The US solar industry also experienced significant growth, not only in installed capacity, but also in job creation and investment. Texas and Florida (Republican states, mind you) ranked #2 and #3 respectively in installed solar PV installations in 2020 according to numbers from SEIA, accounting for 43% of all new electricity-generating capacity added in the U.S. in 2020[3].

Tax Incentives

During Trump’s first term, the ITC[4] remained at 30% through 2019, with a 2-year extension in 2020 at a 26% rate for both residential and commercial projects[5].  

The PTC[6] extension in 2020, although not a standalone initiative from Trumps administration but a part of the broader “Consolidated Appropriations Act, 2021” provided the continuity for renewable energy projects that the industry needed to ensure continuous investments in the supply chain.

Navigating the next four years

If you can somehow look past Trump’s sophomoric rhetoric, particularly when it comes to renewable energy, you will see that some projects on his watch actually got financed and built. The industry showed resilience. We will need to do that again. Here are three things to keep in mind as you saddle up for the next four years:

  • Engage the administration directly. At every opportunity, show federal administration officials your projects, your technology. Lots of tours and visits. They need to touch steel, concrete, and microchips. They need to smell the factories and watch workers in action.

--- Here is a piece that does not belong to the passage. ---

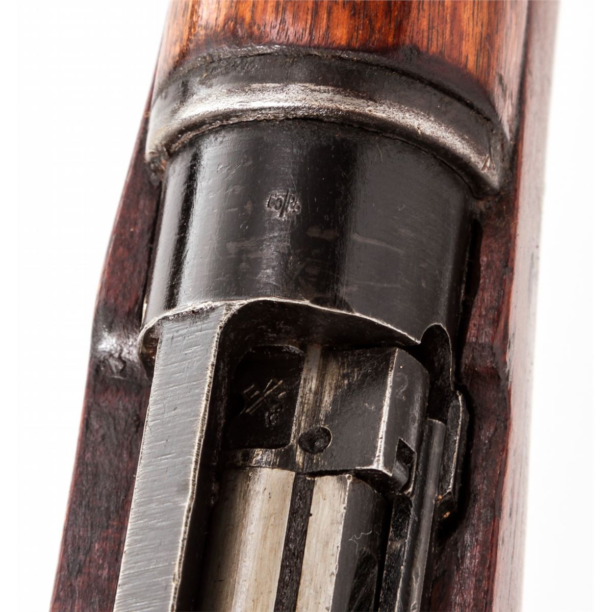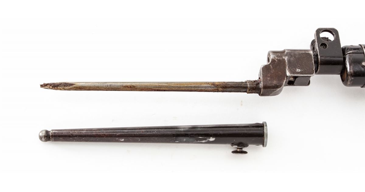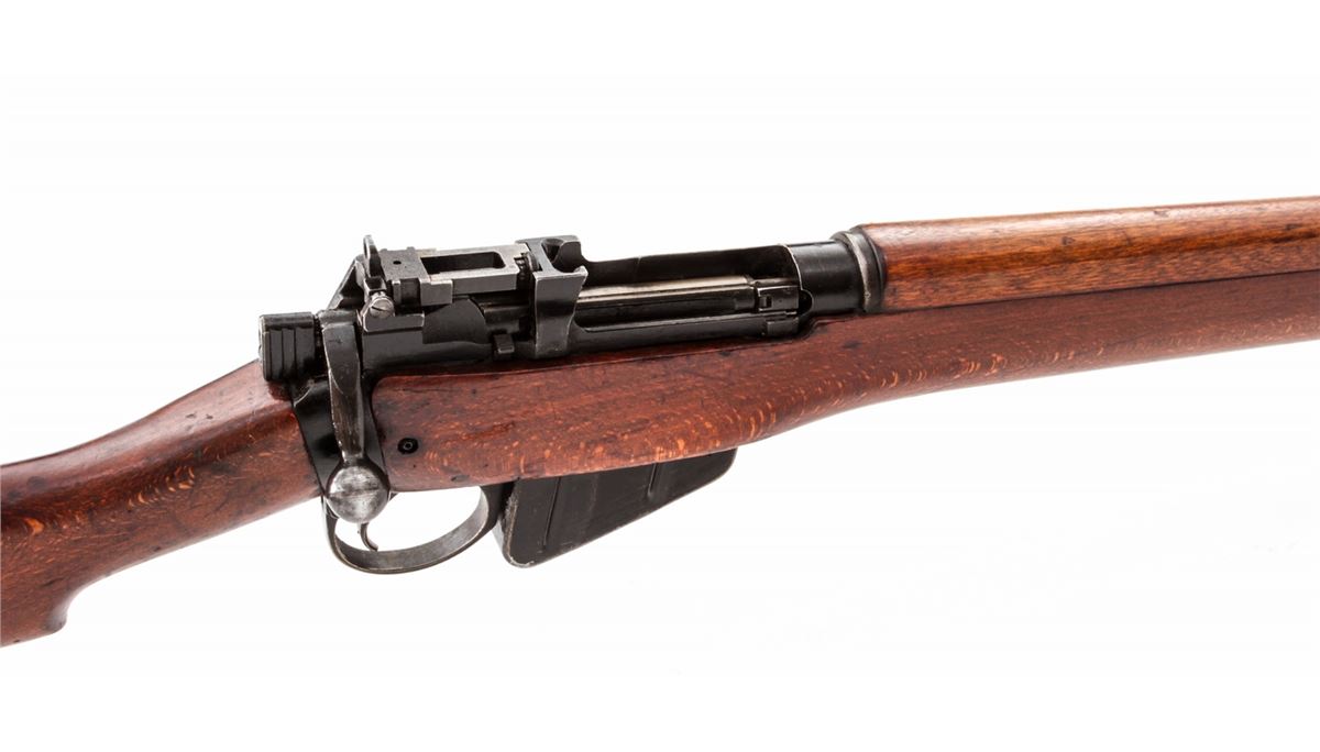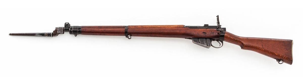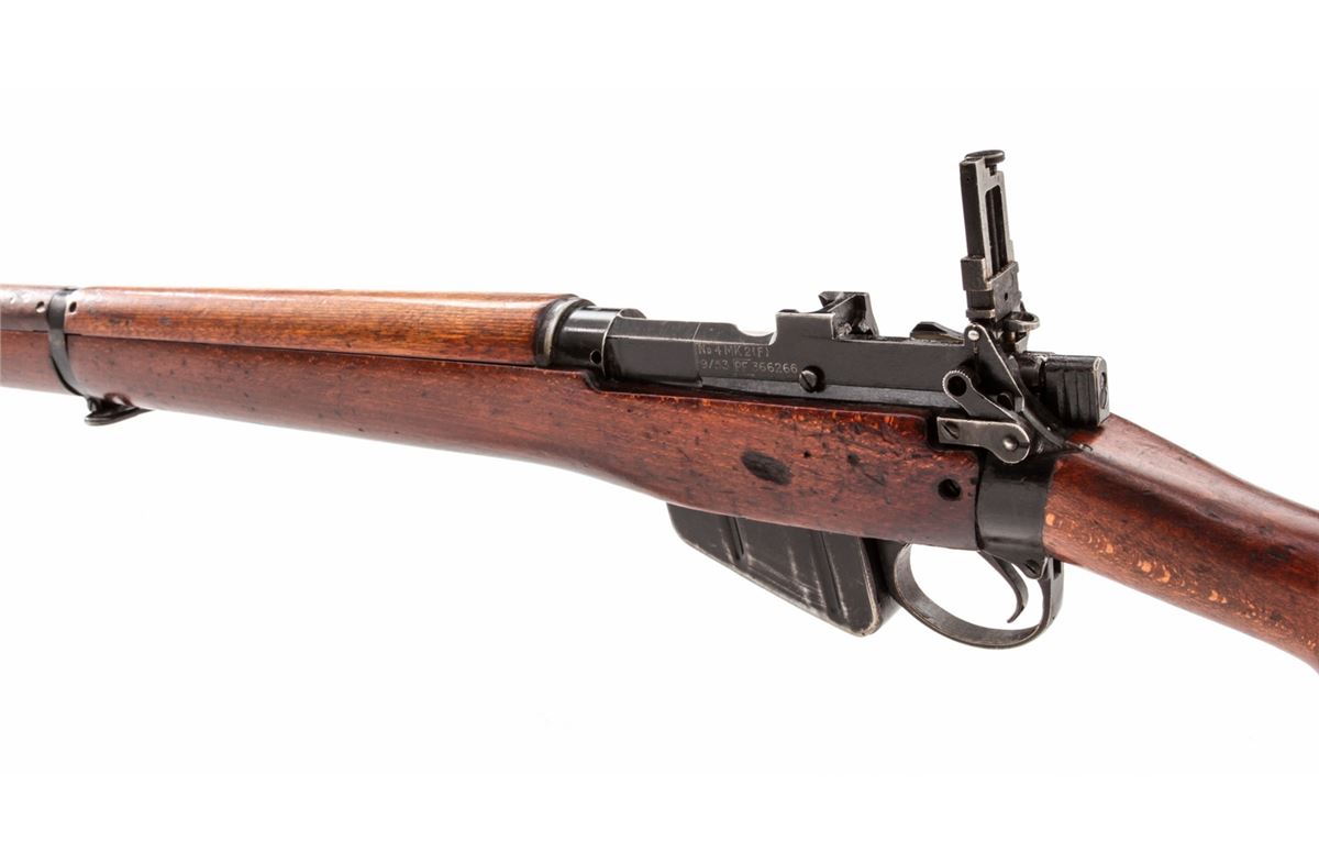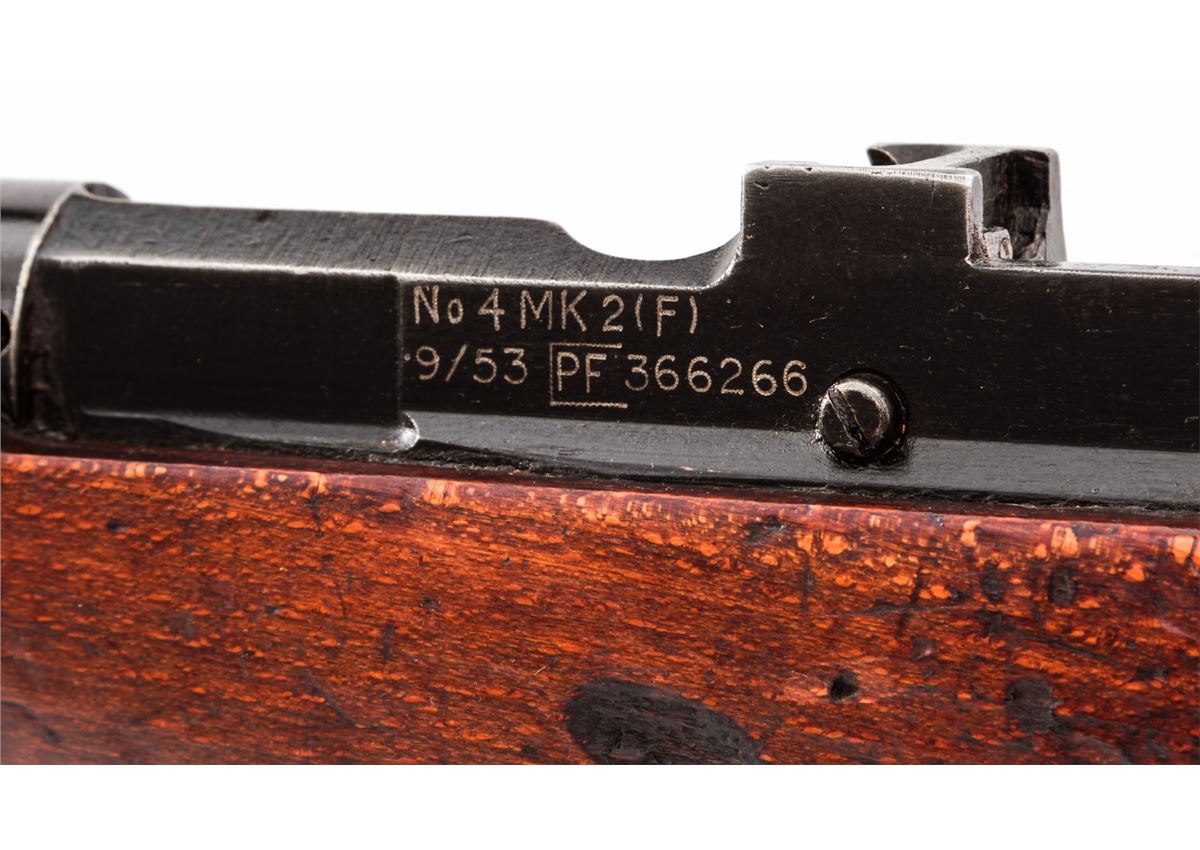 Lee-Enfield No. 4 MK II(F) Bolt Action Rifle (9/53), #PF366266, .303 cal., 25'' barrel, black finish, beech stock, with spike bayonet. Condition is very good to near fine retaining approx. 90% finish. Stock with light scuffs and scratches. Lightly import marked. Good action and bore. Est.: $200-$400. (C&R)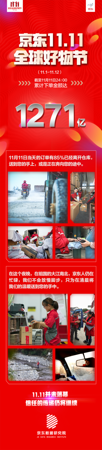 11月11日24時,京東11.11全球好物節(jié)(11月1日-12日)迎來又一個高潮,截至11日24時京東商城累計下單金額已超過1271億元。

  • Showcase renewable energy technology on its own merits. It’s not just about proving cost reductions, it’s about demonstrating value – to local communities, the job market, to society and the U.S. economy as a whole. Keep presentations clear and decisive. Oh, and ‘let’s beat China’ while we’re at it.

  • Embrace the Trump administration’s ‘all-of-the-above’ mantra. Lean into it. Hold him to this pledge. If he wants to win across the board, he will invariably support fossil fuels, but he will also need to support solar, wind, hydro, storage, EVs…all of it. In this, we need to maintain a brave face and fight for every bit of Trump’s energy mix that we can.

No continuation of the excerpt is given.